Friday, December 12, 2008

Have caffeine, will write

As I sit here in Peet's, I've eaten a brownie (I try to resist, but I can't) and sipped on two shots (I don't resist, they're cheap). But the more time I spend here, the less I accomplish. There is so much to do, so much time.

It has been almost two weeks since I have cut myself off music, movies, etc., and it has been refreshing yet debilitating. As productive as it can be, the productive juices have since stopped flowing. Not to say I had a lot before, but I cannot think. This is somewhat a good thing considering all the thoughts running through my head constantly. My to-do list is completed quickly, but I cannot think of more to add. So many things are in my goal/future column, but all the stuff preceding that have been cleared out of my head. With only one blog post previously this month shows how much hasn't been on my mind.

To look on the positive side, my thought life (if there is such a thing) has been completely revamped. Instead of perusing floating emotions and ideas and everything moving in and out of my mind, I finally stopped the clutter and focus on a topic until it ends. Come to a conclusion and quit wasting my time and stress on it. Also, my focus has been able to reap a few rewards. Homework is done quickly. Time is less pressed. My to-do list is cleared. My mind is less cluttered. And my conscience is less desensitized (ie. movies). But I have not decided what I want to do with it. Songs are so embedded so deep in my head that I can't not have them running through my head. It refuses to stop. My alarm will inhibit my mind all morning as mental chewing gum.

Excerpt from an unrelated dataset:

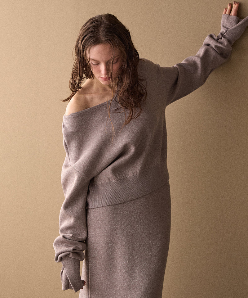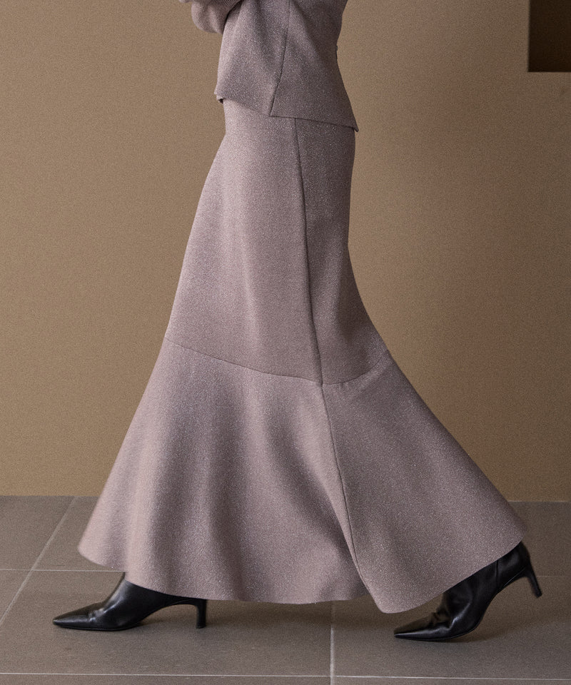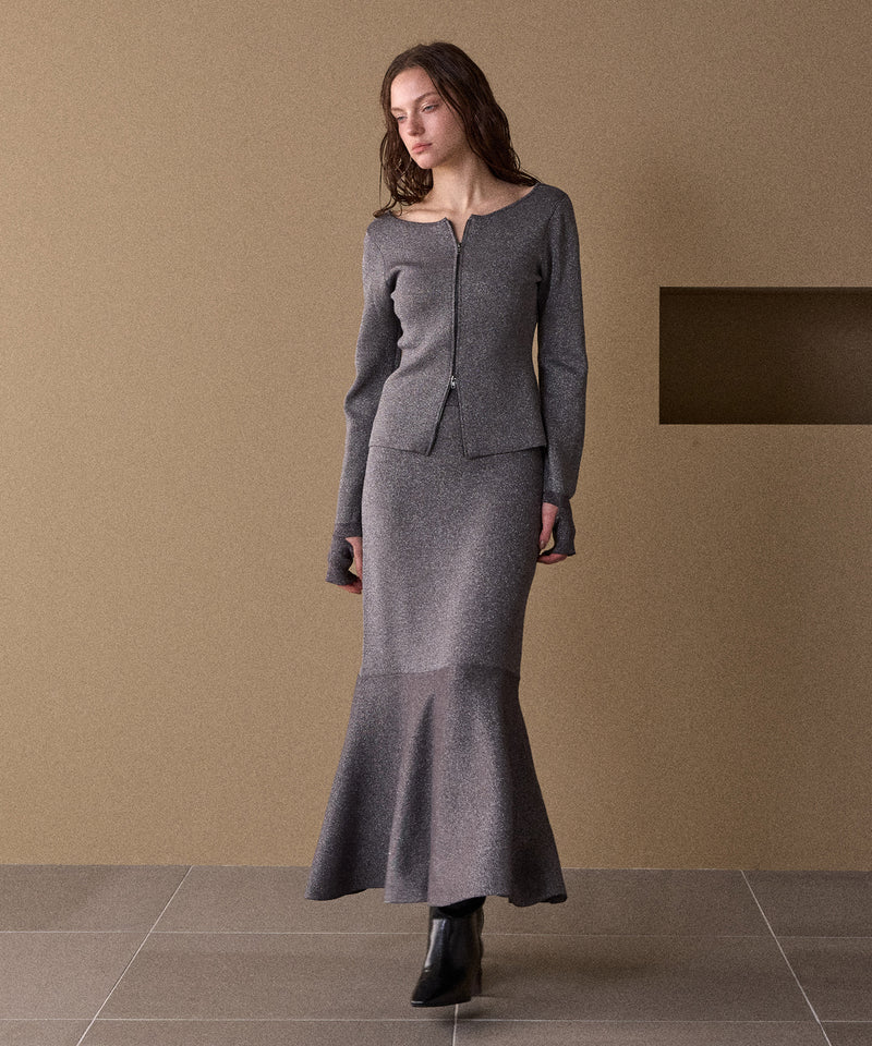 [SET]Soft Chewy Medium Knit+Tulle Layer Drape Skirt

Also, as a positive, I am starting on my photography business. Continually I am pushing myself to find new things and go out and just shoot. So much in the photographic business world has opened up. So many ideas, procedures, possibilities. And it only costs money to start. But what do I have to lose. I am tired of spinning my tires and dragging my feet. This is going to start. It will be something. I am doubtful it will make my millions, but we will work on that later. I need more creative juices for that all to start.